Court overturns conviction of woman accused of trying to convince her son to kill his father with rat poison

An appeals court has overturned a Mount Vernon woman's conviction for soliciting to kill her former husband.

The Washington Court of Appeals on Monday overturned Vanessa Valdiglesias LaValle's conviction. The Seattle Times first reported the decision.

She had been found guilty in 2021 for trying to persuade her son to kill his father with rat poison. Valdiglesias LaValle was sentenced to 15 years in prison for the conviction, which will now be sent back to trial court.

Valdiglesias LaValle in 2020 told her then 10-year-old son that if he put rat poison in her ex-husband's food, the boy's dad would die, and she and the children could live together forever, according to a secretly recorded conversation mentioned in court documents.

The three Court of Appeals Division 1 judges ruled Valdiglesias LaValle's desire to be with her two children forever doesn't equate to a "thing of value" necessary to support a criminal solicitation conviction. In Washington, a person is guilty of criminal solicitation when the person "offers to give or gives money or other thing of value" with intent to promote or facilitate the commission of a crime.
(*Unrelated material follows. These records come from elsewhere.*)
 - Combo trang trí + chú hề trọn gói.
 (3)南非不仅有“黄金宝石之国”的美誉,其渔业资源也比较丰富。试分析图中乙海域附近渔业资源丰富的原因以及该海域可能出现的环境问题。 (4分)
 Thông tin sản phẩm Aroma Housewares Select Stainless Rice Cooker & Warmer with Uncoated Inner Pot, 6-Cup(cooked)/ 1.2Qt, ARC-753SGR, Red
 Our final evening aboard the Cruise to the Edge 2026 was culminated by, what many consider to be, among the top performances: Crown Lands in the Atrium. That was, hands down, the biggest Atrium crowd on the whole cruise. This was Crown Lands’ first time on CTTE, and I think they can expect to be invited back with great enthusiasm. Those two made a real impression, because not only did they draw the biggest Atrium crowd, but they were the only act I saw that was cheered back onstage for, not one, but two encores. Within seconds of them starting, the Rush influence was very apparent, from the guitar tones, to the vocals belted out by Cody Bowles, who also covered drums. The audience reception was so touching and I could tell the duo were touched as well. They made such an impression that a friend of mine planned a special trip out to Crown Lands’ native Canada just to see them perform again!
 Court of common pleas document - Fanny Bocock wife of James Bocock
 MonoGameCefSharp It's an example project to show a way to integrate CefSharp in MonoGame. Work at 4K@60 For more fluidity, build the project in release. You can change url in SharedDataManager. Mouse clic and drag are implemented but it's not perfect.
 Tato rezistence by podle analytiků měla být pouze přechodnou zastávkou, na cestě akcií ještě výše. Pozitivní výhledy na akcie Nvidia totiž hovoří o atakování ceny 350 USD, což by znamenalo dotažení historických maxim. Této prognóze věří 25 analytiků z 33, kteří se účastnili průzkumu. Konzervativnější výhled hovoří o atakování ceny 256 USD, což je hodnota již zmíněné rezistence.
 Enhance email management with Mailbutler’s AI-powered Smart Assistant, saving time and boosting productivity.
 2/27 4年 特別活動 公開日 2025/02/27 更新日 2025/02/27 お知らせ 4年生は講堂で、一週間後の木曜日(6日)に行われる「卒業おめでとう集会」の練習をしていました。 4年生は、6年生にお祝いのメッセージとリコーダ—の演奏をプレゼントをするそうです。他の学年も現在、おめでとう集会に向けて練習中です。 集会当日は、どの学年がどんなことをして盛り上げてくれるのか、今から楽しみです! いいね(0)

"While it could be argued that a mother's love is priceless, does an expressed desire to be with her children forever equate to a 'thing of value' to support a criminal solicitation conviction …?" the court wrote in a published opinion. "We hold that it does not, because a 'thing of value' must have monetary value."

Valdiglesias LaValle's son testified during her trial in Skagit County Superior Court that his mother never spoke of offering to give him something.

Valdiglesias LaValle's attorney, Suzanne Lee Elliott of the Washington Appellate Project, said she was pleased with the judges' opinion.

"I think they reached the right decision because how one defines 'solicitation' can be either wildly overinclusive or include actions that don't sufficiently indicate an intent or an exchange for the crime," she said, according to the Seattle Times.

The father had suggested that his son secretly record the conversation using a phone hidden under a blanket, court documents said. The documents included excerpts of the recording that show Valdiglesias LaValle talking to her son about putting rat poison in his father's drink.

"He take it and drinking, and he don't know nothing, you know, so nobody's nothing. That's a secret between you and me," Valdiglesias LaValle said to her son, according to court documents.